Face aux limites d’un modèle de croissance encore peu transformateur, le Sénégal mise désormais sur une approche territorialisée pour faire du secteur privé un moteur durable de développement économique.
Le ministère de l’Économie, du Plan et de la Coopération du Sénégal a récemment ներկայաց une nouvelle orientation stratégique visant à renforcer le rôle du secteur privé dans la dynamique économique nationale. À travers la Stratégie nationale de développement du secteur privé et de promotion de l’investissement (SNDSPI), les autorités entendent impulser une croissance davantage ancrée dans les réalités locales.
Ce repositionnement s’appuie sur un constat clair : malgré une progression économique sur plusieurs décennies, le modèle actuel reste fortement dépendant de la dépense publique, tandis que la croissance moyenne demeure insuffisante pour soutenir une transformation structurelle durable.
L’un des axes majeurs de cette stratégie repose sur la création de « pôles territoires », conçus comme de véritables écosystèmes économiques régionaux. L’objectif est de valoriser les spécificités locales — agriculture, industrie, tourisme ou encore logistique — afin de stimuler la production, attirer les investissements et favoriser l’émergence de chaînes de valeur intégrées.

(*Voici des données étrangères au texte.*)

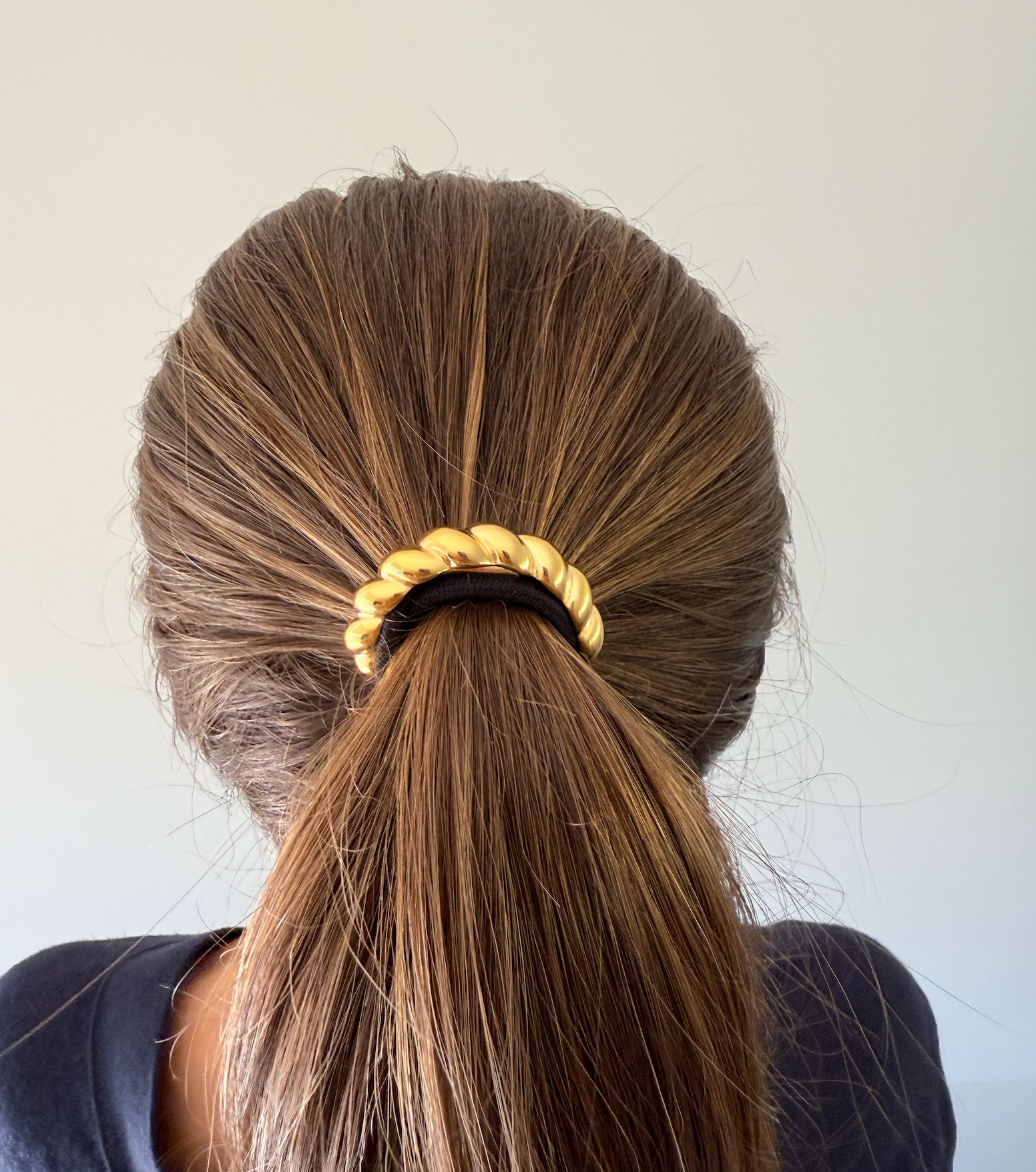 This piece reimagines the everyday hair tie as something intentional. A polished gold twisted form is set against a simple black elastic, creating contrast through material and restraint rather than excess. The result is subtle, functional, and quietly refined.

Cette approche vise également à corriger les déséquilibres territoriaux, marqués par une forte concentration des activités économiques dans la région de Dakar. En renforçant les capacités productives des régions, les autorités ambitionnent de créer des bassins d’emplois durables et de mieux répartir les richesses sur l’ensemble du territoire.
Au cœur de cette stratégie, le secteur privé est appelé à jouer un rôle central. Il s’agit non seulement de renforcer sa compétitivité, mais aussi de l’impliquer davantage dans la définition et la mise en œuvre des politiques publiques. La démarche s’appuie notamment sur le dialogue public-privé et sur des réformes destinées à améliorer l’environnement des affaires et à sécuriser les investissements.
Par ailleurs, un accent particulier est mis sur la structuration des filières économiques. Le développement de la transformation locale, la montée en gamme des productions et le soutien aux entreprises à fort potentiel constituent autant de leviers pour accroître la valeur ajoutée et réduire la dépendance aux exportations de matières premières.
Enfin, la territorialisation de l’action publique s’accompagne du déploiement de services de proximité, tels que des centres d’appui aux entreprises ou des dispositifs mutualisés, destinés à faciliter l’accès aux ressources techniques, financières et numériques, en particulier pour les PME et les entrepreneurs locaux.
À travers cette stratégie, le Sénégal affiche une ambition claire : bâtir un secteur privé plus productif, innovant et inclusif, capable de soutenir une croissance endogène et de répondre aux enjeux économiques de long terme.